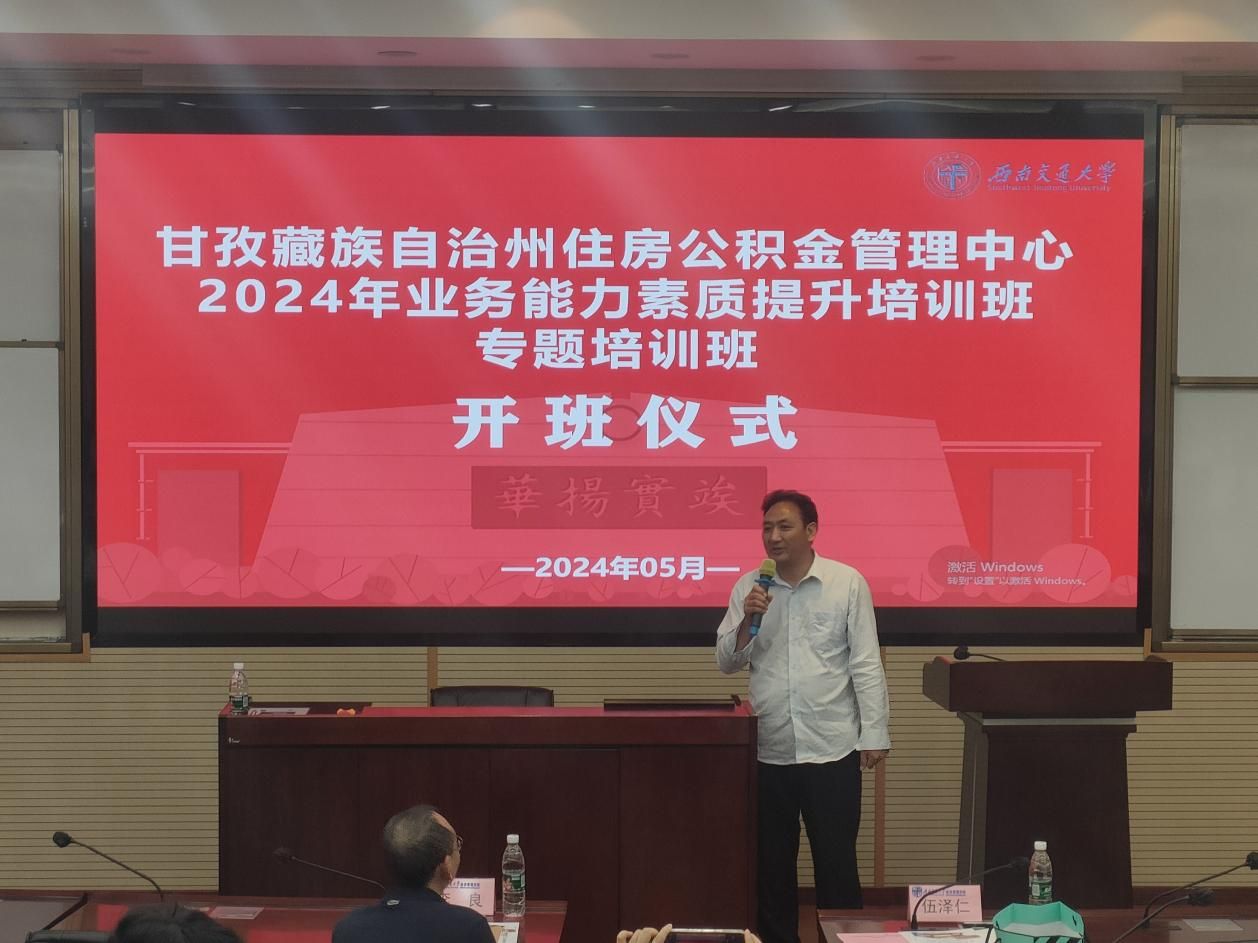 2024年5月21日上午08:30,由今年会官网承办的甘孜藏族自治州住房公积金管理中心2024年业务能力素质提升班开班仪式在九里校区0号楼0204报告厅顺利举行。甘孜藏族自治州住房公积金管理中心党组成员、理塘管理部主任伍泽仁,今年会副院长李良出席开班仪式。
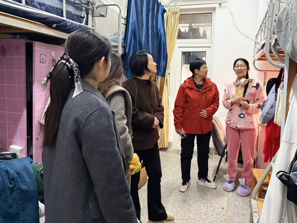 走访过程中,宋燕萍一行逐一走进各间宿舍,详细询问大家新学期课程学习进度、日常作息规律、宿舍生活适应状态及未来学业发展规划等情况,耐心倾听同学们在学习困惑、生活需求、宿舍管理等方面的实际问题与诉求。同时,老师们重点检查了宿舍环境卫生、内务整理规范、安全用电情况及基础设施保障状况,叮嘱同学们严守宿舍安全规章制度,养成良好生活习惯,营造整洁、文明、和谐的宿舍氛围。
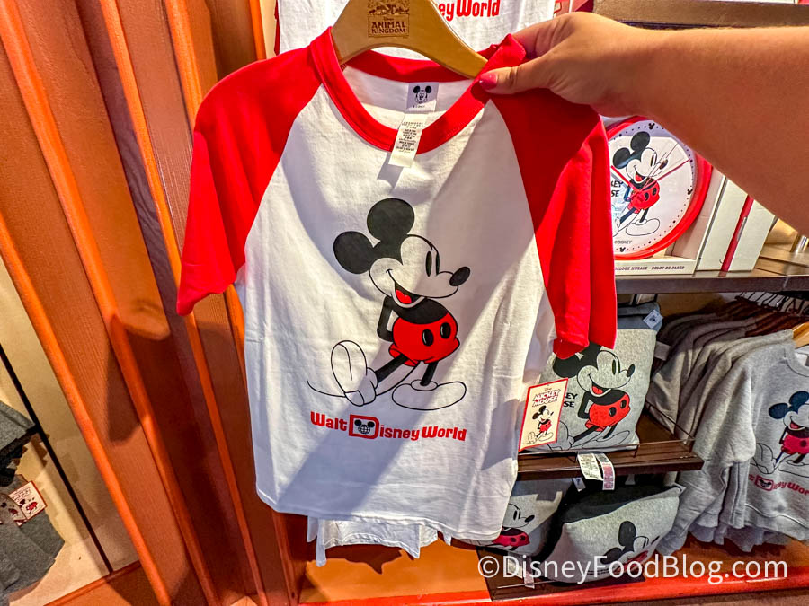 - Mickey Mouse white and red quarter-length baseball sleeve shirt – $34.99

▶ _Problem_
Line by line, reproduce the material above exactly, leaving each picture out.

▶ _Task result_
 2024年5月21日上午08:30,由今年会官网承办的甘孜藏族自治州住房公积金管理中心2024年业务能力素质提升班开班仪式在九里校区0号楼0204报告厅顺利举行。甘孜藏族自治州住房公积金管理中心党组成员、理塘管理部主任伍泽仁,今年会副院长李良出席开班仪式。
 走访过程中,宋燕萍一行逐一走进各间宿舍,详细询问大家新学期课程学习进度、日常作息规律、宿舍生活适应状态及未来学业发展规划等情况,耐心倾听同学们在学习困惑、生活需求、宿舍管理等方面的实际问题与诉求。同时,老师们重点检查了宿舍环境卫生、内务整理规范、安全用电情况及基础设施保障状况,叮嘱同学们严守宿舍安全规章制度,养成良好生活习惯,营造整洁、文明、和谐的宿舍氛围。
 - Mickey Mouse white and red quarter-length baseball sleeve shirt – $34.99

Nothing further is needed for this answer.